:: Data extract

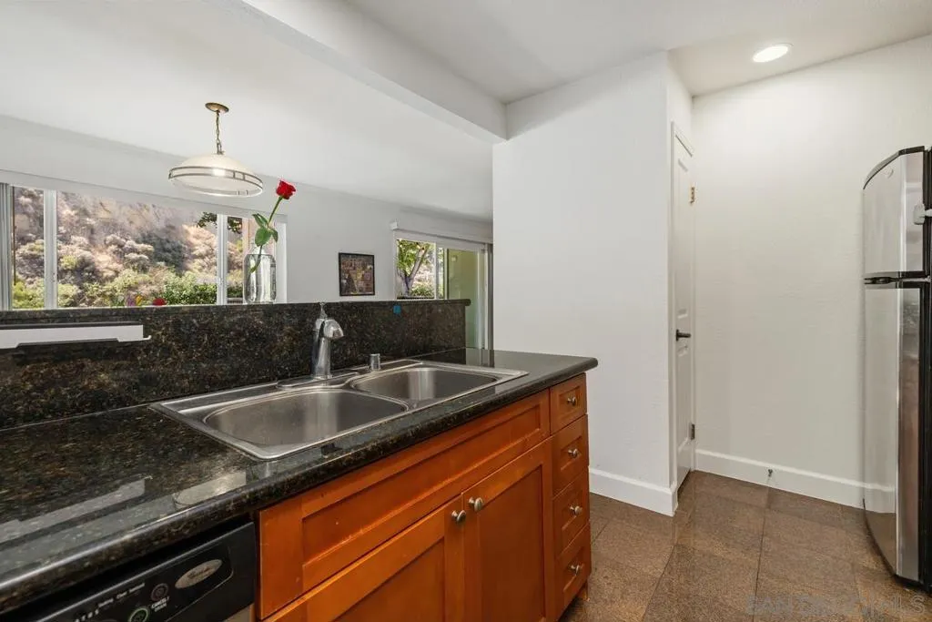 Live the La Jolla lifestyle in this bright, first-floor Villa La Jolla 2B2B home, just minutes from the beach and UCSD. Enjoy the convenience of walking to Trader Joe’s, Whole Foods, restaurants, and transit. Inside, you’ll find a thoughtfully updated space with granite countertops, stainless steel appliances, crown molding, and a newer heater. Both bedrooms facing to quiet courtyard—perfect for rest and privacy. Step outside the large family room to your spacious private patio surrounded by lush greenery—ideal for morning coffee or evening unwinding. The community offers a pool, spa, fitness center, clubhouse, BBQ and more, with water included in HOA. Laundry facility is right around the corner, possible installation of in suite laundry machine per HOA approval. Move-in ready and perfectly positioned—this is easy coastal living at its best.
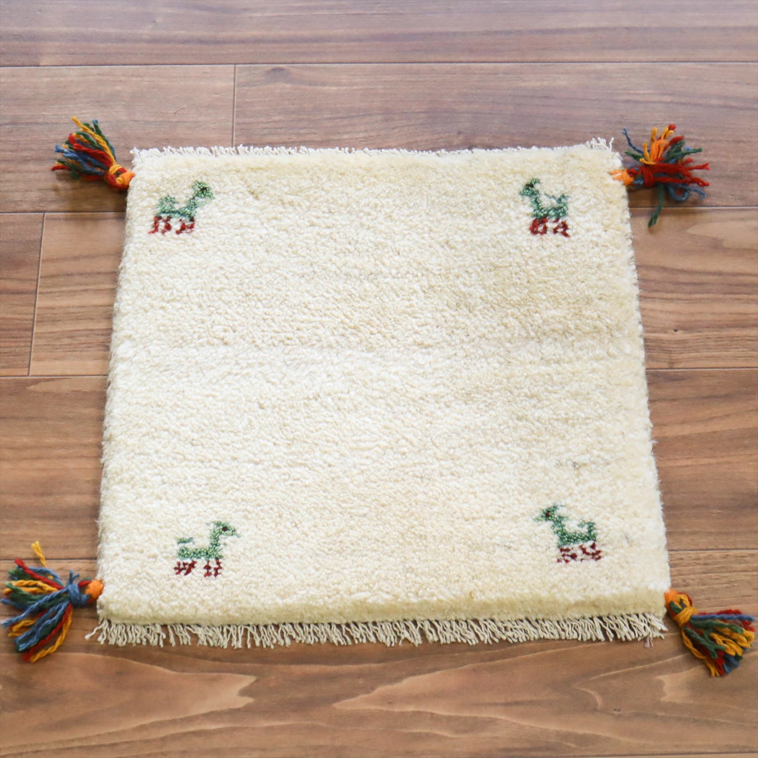 ギャッベ イラン産手織り 座布団サイズ 40x41cm ナチュラルアイボリー 無地 シンプル
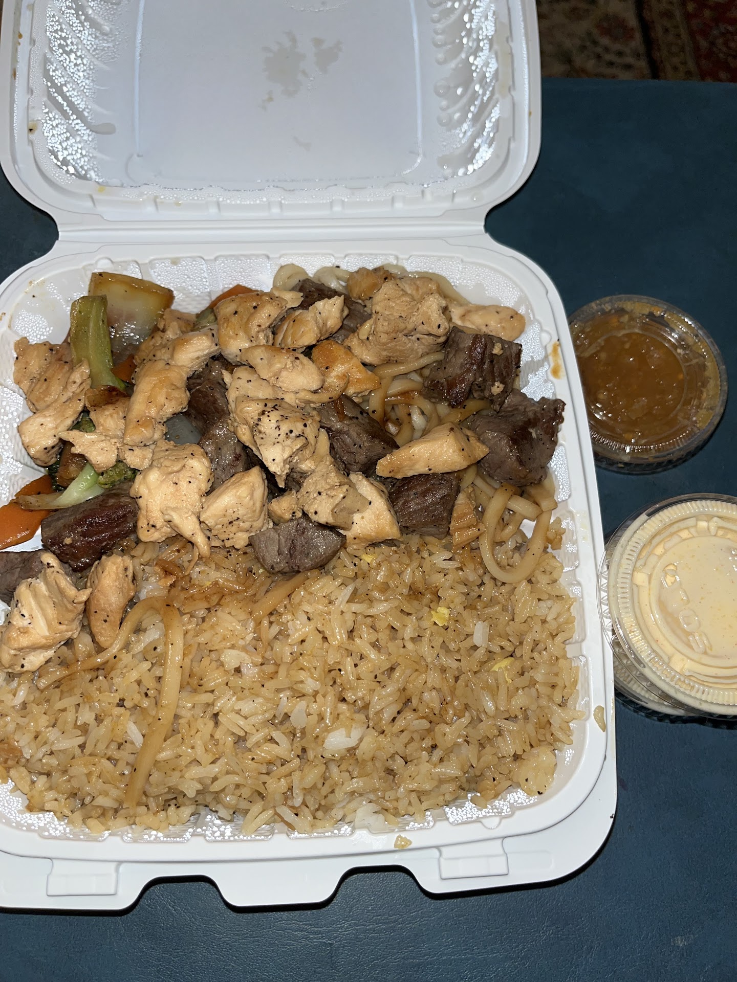 Read moreI should have known from how empty the parking lot was that this food was not it. It sits in the old golden donut spot which they still do sell donuts not a lot of them service was great I was immediately greeted food came out quick and fast probably spent less than 10 minutes in there I ordered chicken and steak hibachi that comes with soup the soup was very flavorful it was hot and peppery I enjoyed it. I asked for rice with my meal and I got lo mein and rice and when I tell you the food had no seasoning and the rice you can't even call it fried rice because you can still see that it's white whatever type of soy sauce they was using had a very sour taste to it like a lemon with barely any salt and pepper to it The yum yum sauce is very watery it's really sweet an tastes like you're drinking sugar water this will be my first and last time here what a waste of money I absolutely love the decor because I like the nostalgia I like seeing the old vinyl record covers pasted all over the walls some of them I have never seen the covers before or the artist so I got a kick out of Google searching...
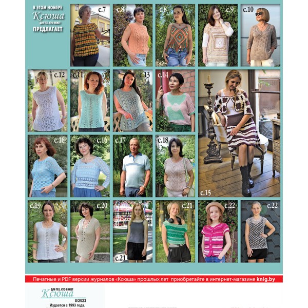 с.7 Топ «Солнечный август» крючком (Рита Кожан), с.8 Топ «Рыжик» спицами (Елена Панина), с.8 Топ «Восточные страсти» крючком (Лаура Малик-Степанова), с.9 Туника крючком (Рита Кожан), с.10 Туника «Виктория» на спицах (Галина Лепешко), с.12 Туника «Бель» на спицах (Инна Тищенко), с.11 Топ «Нежность» на спицах (Инна Тищенко), с.13 Туника «Голубой бриз» спицами (Инна Тищенко), с.14 Топ крючком (Ирина Хорн), с.15 Комплект: жакет и юбка крючком (Оксана Павлова), с.16 Голубой топ крючком (Валентина Бондарева), с.16 Ажурный джемпер «Бриз» крючком (Тамара Марочкина), с.17 Мужская футболка поло на спицах (Светлана Гончаренко), с.18 Топ «Лотос» на спицах (Елена Прилепская), с.19 Топ «Веточка акации» на спицах (Анна Виниченко), с.20 Туника-жилет спицами (Тамара Марочкина), с.21 Топ «Грозовая тучка» спицами (Регина Дворникова), с.21 Топ «Зелень» спицами (Наталья Подыбайло), с.22 Жакет «Пёстрый» крючком (Рита Кожан), с.22 Ажурный топ крючком (Регина Дворникова).
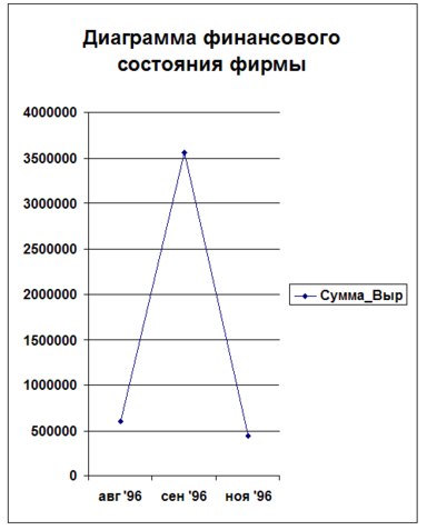 На графике отображающем состояние финансового положения фирмы по месяцам видно что с августа по сентябрь фирма заработала (3500000 – 600000=2900000) р . Значит в этом месяце были заказы с полной оплатой отгруженой продукции или заказы с небольшим кредитом. В следующем месяце заметно снижение следовательно были заказы с большим кредитом. Точка на графике в сентябре остановилась на отметке 400000 значит необходимо отменять сделки при которых существует кредит до периода возврата предыдущих долгов или до сделок с полной оплатой либо оплатой больше 50% продукции, иначе граафик пойдет ниже, и пересечет прямую 300000. Это говорит о том, что в следующем месяце у фирмы не будет средств на производство продукции, зарплату, произойдет банкротство.
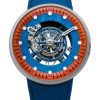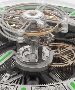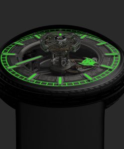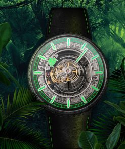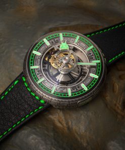 The design draws from key elements of the franchise and the film, featuring a central floating tourbillon movement and a unique display system. The watch’s case is decorated with intricate details from the movie, including Cybertronix language engravings.
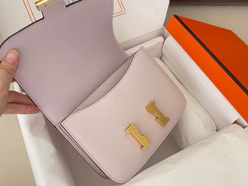 The Hermès Constance 19 in blush pink (nude pink) is defined by its soft tone, structured silhouette, and understated elegance within luxury handbag collections.

::::

Starting at the line that contains "The design draws", output every line through the end of the data, both ends included, and nothing else; pictures stay out.

Expected output:
 The design draws from key elements of the franchise and the film, featuring a central floating tourbillon movement and a unique display system. The watch’s case is decorated with intricate details from the movie, including Cybertronix language engravings.
 The Hermès Constance 19 in blush pink (nude pink) is defined by its soft tone, structured silhouette, and understated elegance within luxury handbag collections.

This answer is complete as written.